Given data START
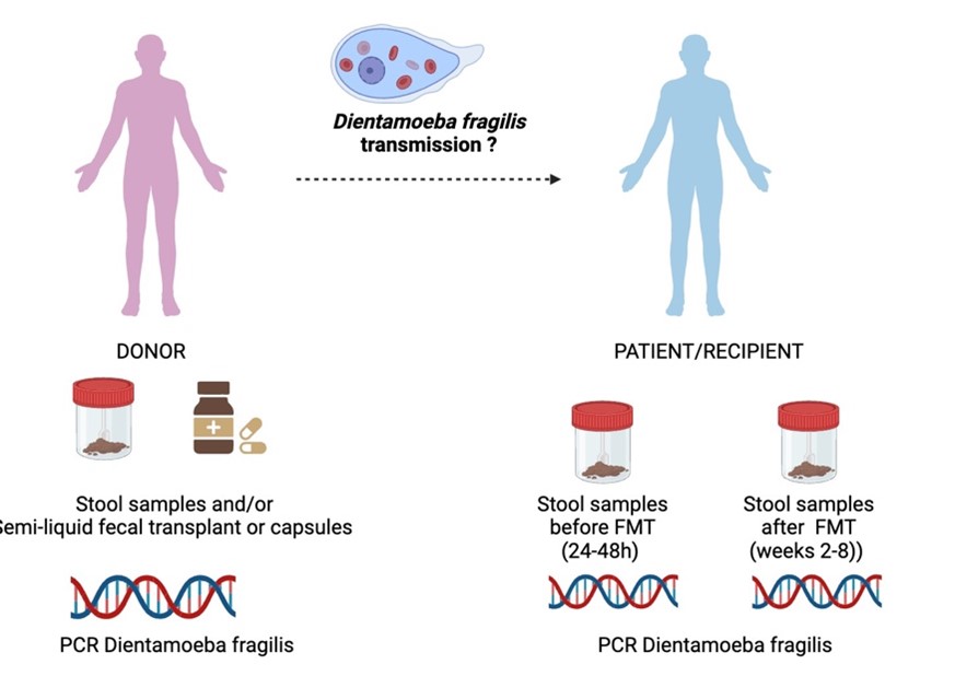 This study will be conducted on healthy volunteers selected as donors for fecal microbiota transplantation, as well as on the transplants and recipients treated with FMT. The presence of Dientamoeba fragilis will be investigated through – real-time PCR in frozen (-80°C) fecal samples from both donors and recipients, as well as on the transplants (semi-liquid or capsules). A standardized clinical follow-up of patients is conducted as part of routine care to monitor all post-transplantation adverse effects, with follow-ups at day 15 and week 8 (figure).
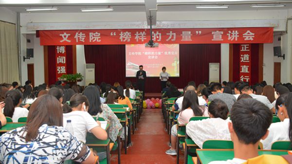 ——文傳學院黨總支召開“榜樣的力量”優秀黨員宣講會。宣講會上,7名優秀學生黨員分別宣講了自己的先進事跡。用筆和真心書寫精彩校園生活的王蒙,被譽為老師得力助手的優秀學生干部鄭欣,多面能手全面發展的優秀學生黨員白日東,多次獲得省級以上榮譽的優秀學生黨員劉慧敏,學習標兵考研成績優異的高秀敏,會學習、善應用的學生干部齊佳,學校優秀宣傳骨干趙睿榕,分別從參與新聞宣傳、對外交流、服務同學等工作實踐和自身成長感悟等方面講述了他們的大學生活經歷以及取得的成績,充分展示了學生黨員的青春風采。
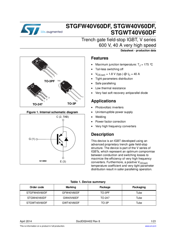 STGW40V60DF Trench gate field-stop IGBT, V series 600 V, 40 A very high speed
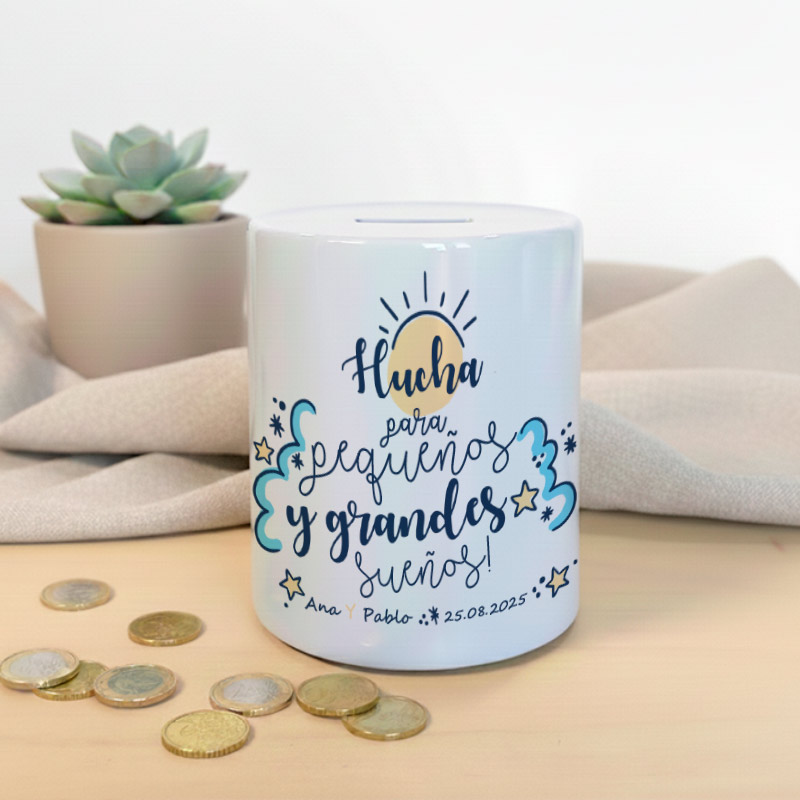 La Hucha Personalizada Bodas no es solo un objeto, es una metáfora tangible de los “Grandes Sueños” que la pareja desea alcanzar. Es un detalle perfecto para regalar a los novios, o incluso para usar como un elemento decorativo y funcional en la recepción de la boda. Gracias a su base con tapón, permite recuperar los ahorros sin necesidad de romperla.
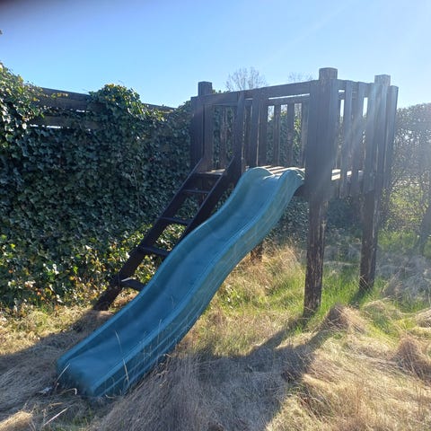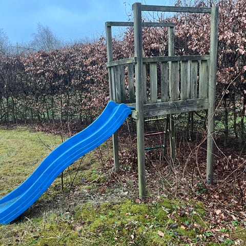 Gyngestativ med rutsjebane / tårn og legehus
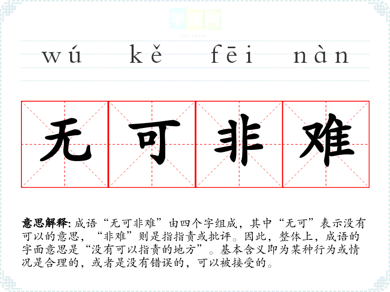 成语“无可非难”由四个字组成,其中“无可”表示没有可以的意思,“非难”则是指指责或批评。因此,整体上,成语的字面意思是“没有可以指责的地方”。基本含义即为某种行为或情况是合理的,或者是没有错误的,可以被接受的。
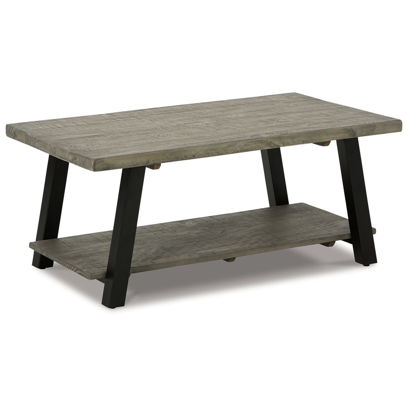 This rectangular coffee table is an achievement in urban contemporary styling. Its ultra-cool design pairs a thick slab-style tabletop and an open lower shelf of solid pine wood with linear metal legs. A weathered gray finish keeps the aesthetic warm and i
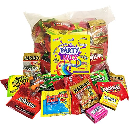 -. Title : Assorted Candy Party Mix Bulk Bag 3 Lbs Twizzlers Nerds Swedish Fish Sour Patch Skittles Starburst Mike And Ike Gummies and Much More of Your Favorite Treats Individually Wrapped (48 oz)
Given data END
- **What is needed**
Each line above starting at the one holding "STGW40V60DF Trench gate" and ending at the one holding "This rectangular coffee" should be set down exactly as it stands, both ends included, with no pictures.

- **Response for this exercise**
 STGW40V60DF Trench gate field-stop IGBT, V series 600 V, 40 A very high speed
 La Hucha Personalizada Bodas no es solo un objeto, es una metáfora tangible de los “Grandes Sueños” que la pareja desea alcanzar. Es un detalle perfecto para regalar a los novios, o incluso para usar como un elemento decorativo y funcional en la recepción de la boda. Gracias a su base con tapón, permite recuperar los ahorros sin necesidad de romperla.
 Gyngestativ med rutsjebane / tårn og legehus
 成语“无可非难”由四个字组成,其中“无可”表示没有可以的意思,“非难”则是指指责或批评。因此,整体上,成语的字面意思是“没有可以指责的地方”。基本含义即为某种行为或情况是合理的,或者是没有错误的,可以被接受的。
 This rectangular coffee table is an achievement in urban contemporary styling. Its ultra-cool design pairs a thick slab-style tabletop and an open lower shelf of solid pine wood with linear metal legs. A weathered gray finish keeps the aesthetic warm and i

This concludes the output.